Kılıç Sefa, Erill Ivan
Department of Biological Sciences, University of Maryland Baltimore County (UMBC), Baltimore, MD, 21250, USA.
BMC Bioinformatics. 2016 Aug 31;17 Suppl 8(Suppl 8):277. doi: 10.1186/s12859-016-1113-7.
Comparative genomics can leverage the vast amount of available genomic sequences to reconstruct and analyze transcriptional regulatory networks in Bacteria, but the efficacy of this approach hinges on the ability to transfer regulatory network information from reference species to the genomes under analysis. Several methods have been proposed to transfer regulatory information between bacterial species, but the paucity and distributed nature of experimental information on bacterial transcriptional networks have prevented their systematic evaluation.

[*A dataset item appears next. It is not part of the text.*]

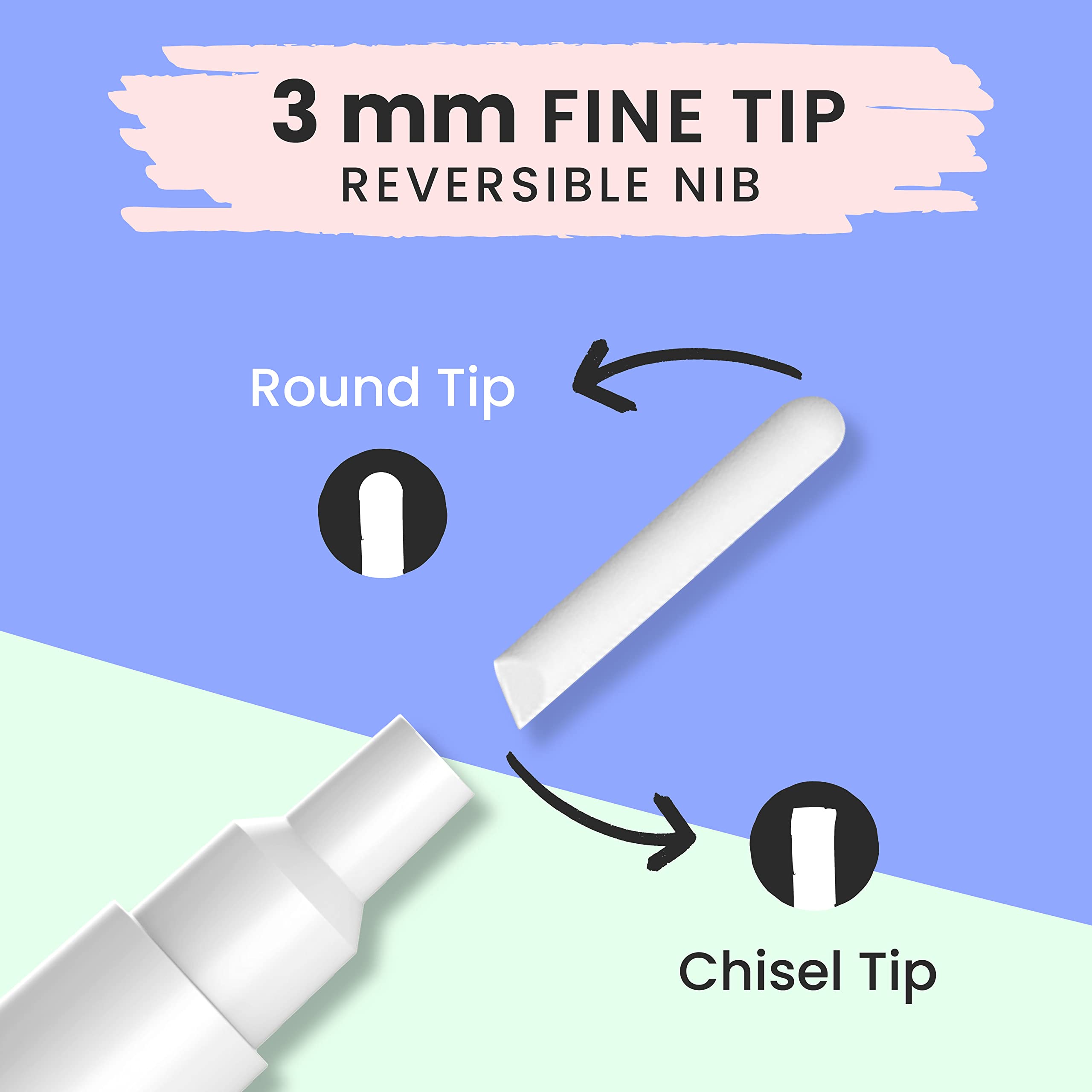 Chalkola White Chalk Pens - White Dry Erase Liquid Chalk Pens for Chalkboard, Blackboard, Window, Bistro, Car Glass, Board, Signs - 3mm Reversible Bullet & Chisel Point

We report the compilation of a large catalog of transcription factor-binding sites across Bacteria and its use to systematically benchmark proposed transfer methods across pairs of bacterial species. We evaluate motif- and accuracy-based metrics to assess the results of regulatory network transfer and we identify the precision-recall area-under-the-curve as the best metric for this purpose due to the large class-imbalanced nature of the problem. Methods assuming conservation of the transcription factor-binding motif (motif-based) are shown to substantially outperform those assuming conservation of regulon composition (network-based), even though their efficiency can decrease sharply with increasing phylogenetic distance. Variations of the basic motif-based transfer method do not yield significant improvements in transfer accuracy. Our results indicate that detection of a large enough number of regulated orthologs is critical for network-based transfer methods, but that relaxing orthology requirements does not improve results. Using the transcriptional regulators LexA and Fur as case examples, we also show how DNA-binding domain sequence similarity can yield confounding results as an indicator of transfer efficiency for motif-based methods.
Counter to standard practice, our evaluation of metrics to assess the efficiency of methods for regulatory network information transfer reveals that the area under precision-recall (PR) curves is a more precise and informative metric than that of receiver-operating-characteristic (ROC) curves, confirming similar findings in other class-imbalanced settings. Our systematic assessment of transfer methods reveals that simple approaches to both motif- and network-based transfer of regulatory information provide equal or better results than more elaborate methods. We also show that there are not effective predictors of transfer efficacy, substantiating the long-standing practice of manual curation in comparative genomics analyses.
比较基因组学可以利用大量现有的基因组序列来重建和分析细菌中的转录调控网络,但这种方法的有效性取决于将调控网络信息从参考物种转移到被分析基因组的能力。已经提出了几种在细菌物种之间转移调控信息的方法,但关于细菌转录网络的实验信息匮乏且分布分散,阻碍了对它们的系统评估。
我们报告了一个涵盖细菌转录因子结合位点的大型目录的汇编,并利用它对成对细菌物种间提出的转移方法进行系统的基准测试。我们评估基于基序和准确性的指标来评估调控网络转移的结果,并且由于该问题存在大量类不平衡的性质,我们确定精确召回率曲线下面积是用于此目的的最佳指标。结果表明,尽管基于转录因子结合基序保守性的方法(基于基序的方法)的效率会随着系统发育距离的增加而急剧下降,但它们的表现明显优于基于操纵子组成保守性的方法(基于网络的方法)。基于基序的基本转移方法的变体在转移准确性方面没有显著提高。我们的结果表明,检测到足够数量的受调控直系同源物对于基于网络的转移方法至关重要,但放宽直系同源性要求并不会改善结果。以转录调节因子LexA和Fur为例,我们还展示了DNA结合结构域序列相似性作为基于基序方法转移效率的指标可能会产生混淆结果。
与标准做法相反,我们对评估调控网络信息转移方法效率的指标进行的评估表明,精确召回率(PR)曲线下面积是比接受者操作特征(ROC)曲线更精确且更具信息量的指标,这证实了在其他类不平衡情况下的类似发现。我们对转移方法的系统评估表明,简单的基于基序和基于网络的调控信息转移方法比更复杂的方法能提供相同或更好的结果。我们还表明,不存在有效的转移效果预测指标,这证实了比较基因组学分析中长期以来的手动编辑做法合理性。